Question

Consider a horizontally oriented syringe containing water located at a height of $1.25m$ above the ground. The diameter of the plunger is $8mm$ and the diameter of the nozzle is $2mm$. The plunger is pushed with a constant speed of $0.25m/s$. Find the horizontal range of water stream on the ground.

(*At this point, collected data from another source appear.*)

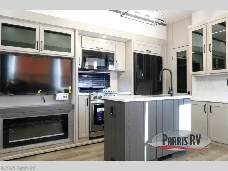Camping with friends and family just got a whole lot easier in this spacious fifth wheel! Up front, you'll find a private bedroom with a king bed slide out, a dresser, a wardrobe with a shelf, plus washer and dryer prep if you plan to go full-time. The master bedroom towards the back includes a queen bed slide out, a wardrobe and a dresser, plus a full rear bath with a unique rear entry door. There is also a loft bed with a ladder above this rear room for added sleeping or storage space! Everyone can meet in the middle kitchen and living room that includes theater seats with tables, a kitchen island, an entertainment center with a fireplace, plus a pantry and hutch for added storage. You don't want to miss out on this fifth wheel!
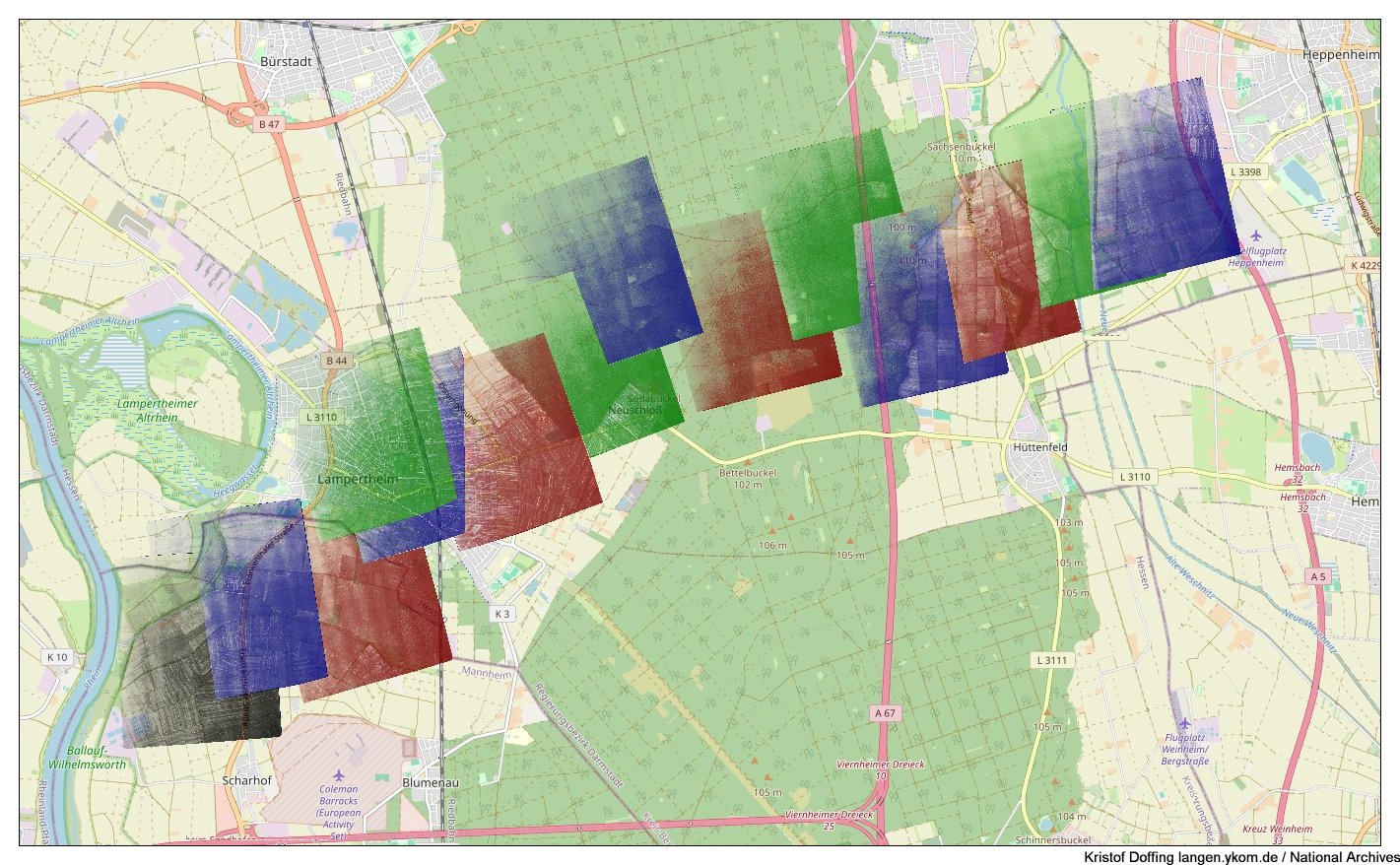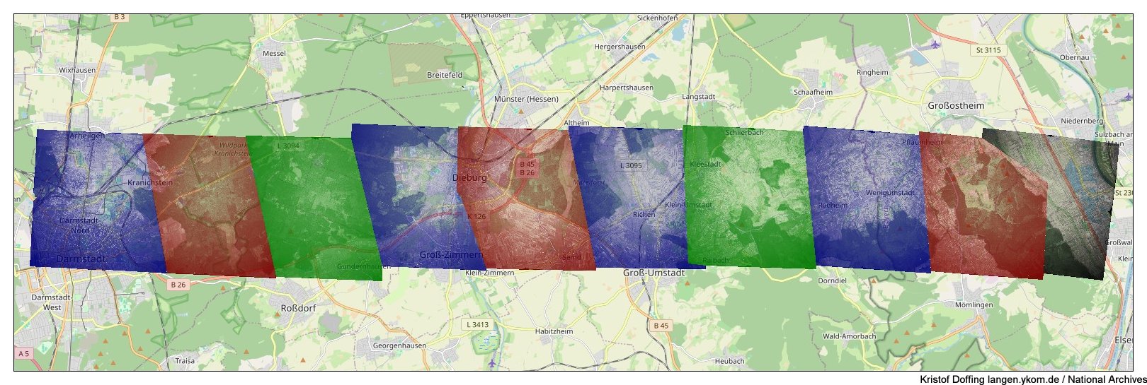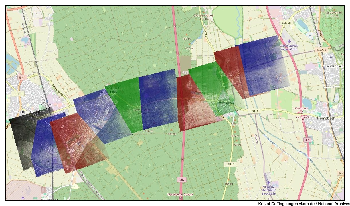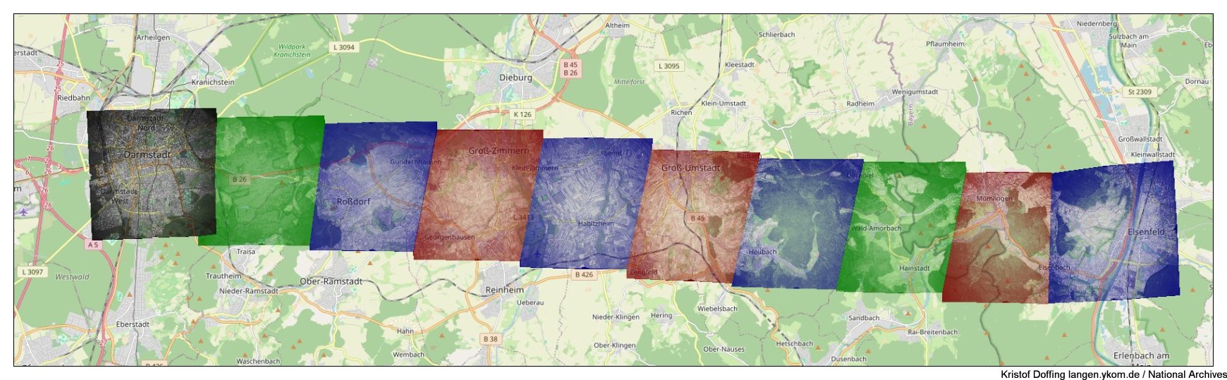 National Archives: Luftbilder vom Odenwald in Süd-Nord-Richtung vom 7.10.1944
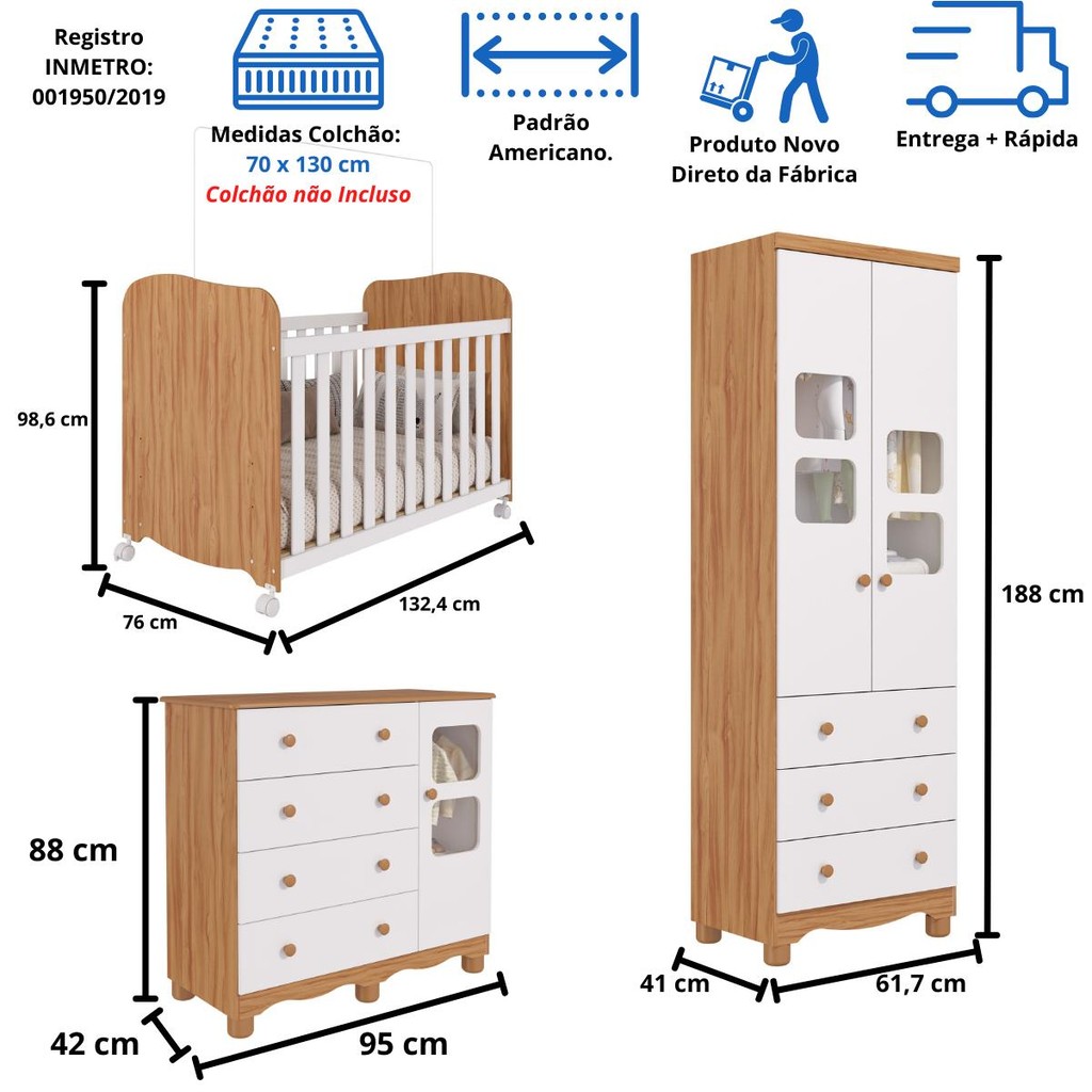 Quarto de Bebê Completo Berço Americano Uli Guarda Roupa Uli 2 Portas Cômoda Uli 100%MDF
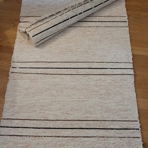 5. Vaaleanraidallinen matto, koko 173x65 cm. Ohuehko.
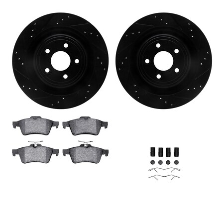 Dynamic Friction Company Rear Brake Rotors-Drilled and Slotted-Black with 5000 Euro Ceramic Brake Pads includes Hardware 8612-20011
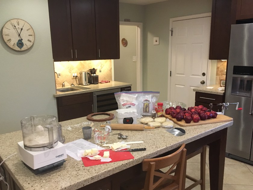 Today was a baking day. I signed up to bring two pies to Bill & Yvonne’s house tomorrow. They are in the seventh year of organizing and executing a massive community effort to cook turkeys and all the fixings for Annie’s Way Thanksgiving, providing a couple thousand meals to families in the community. This year their goal is to cook over 150 turkeys tomorrow, to be packaged up and delivered for Thanksgiving Day. They call it Kyle’s Challenge, which the Austin American Statesman featured a story on here. It’s quite a commitment.
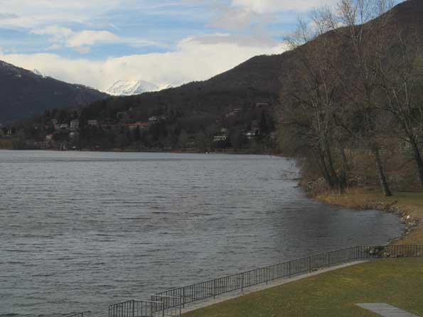 | 9=ミラノ北の小さな沼に面したレストランへ昼食のためにだけ片道80kmを出かける。 季節外れの寒い沼と、その向こうにアルプスが望めるテーブルでいろいろ味わう。 |
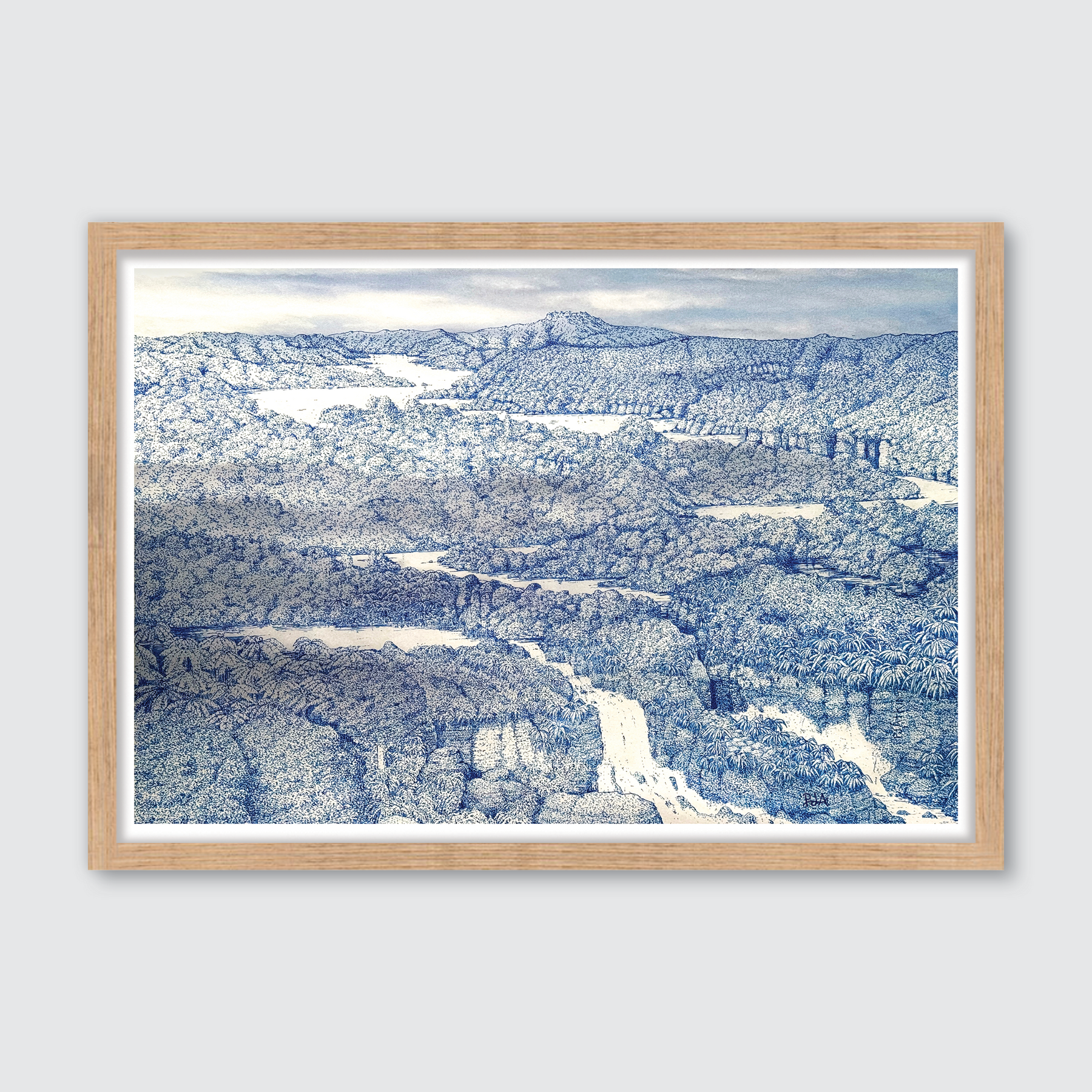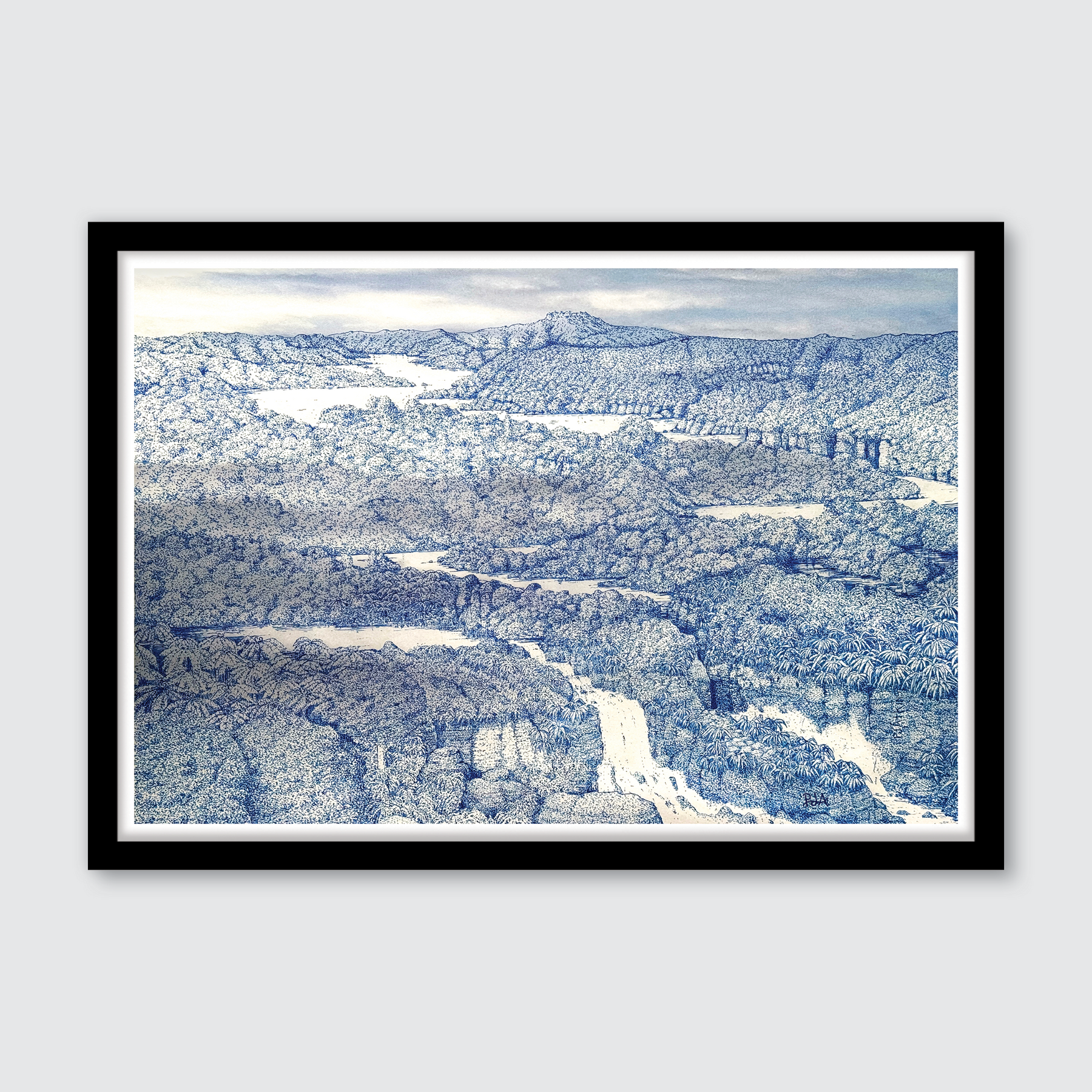 One of a series entitled, “ Land in the Clouds”, all based on photographs of cloud formations. The shadows of the clouds are still apparent top and centre. Created with ink markers over a photograph of a cloud formation, Peter invites the viewer to follow the river into the heart of the landscape giving a sense of an old NZ. Using a style of Pointillism, a technique of painting where small, distinct dots of colour are applied in patterns to form an image. This is sure to make a great addition to any home, space or office. Made in NZ with love.
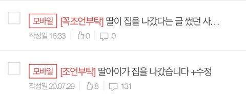 딸이 집을 나갔다고 전에 글을 썼던 사람입니다

Take $g=10m/s^2$

Answer 1

From equation of continuity,

$A_1{v}_1=A_2{v}_2$

$\Rightarrow \frac{A_1}{A_2}{v}_1=\left(\frac{\pi r_1^2}{\pi r_2^2}\right)v_1$

or $v_1{\left(\frac{D}{d}\right)}^2{v}_1={\left(\frac{8\times {10}^{-3}}{2\times {10}^{-3}}\right)}^2\times 0.25m/s$

$=4m/s$ (horizontal)

Vertical component of the velocity is zero.

Now, $H=\frac{1}{2}g{t}^2$

$\Rightarrow t=\sqrt{\frac{2H}{g}}$

Range is given by $R=v_{2}t=v_2$

$\sqrt{\frac{2H}{g}}=4\times \sqrt{\frac{2\times 1.25}{10}}=2m$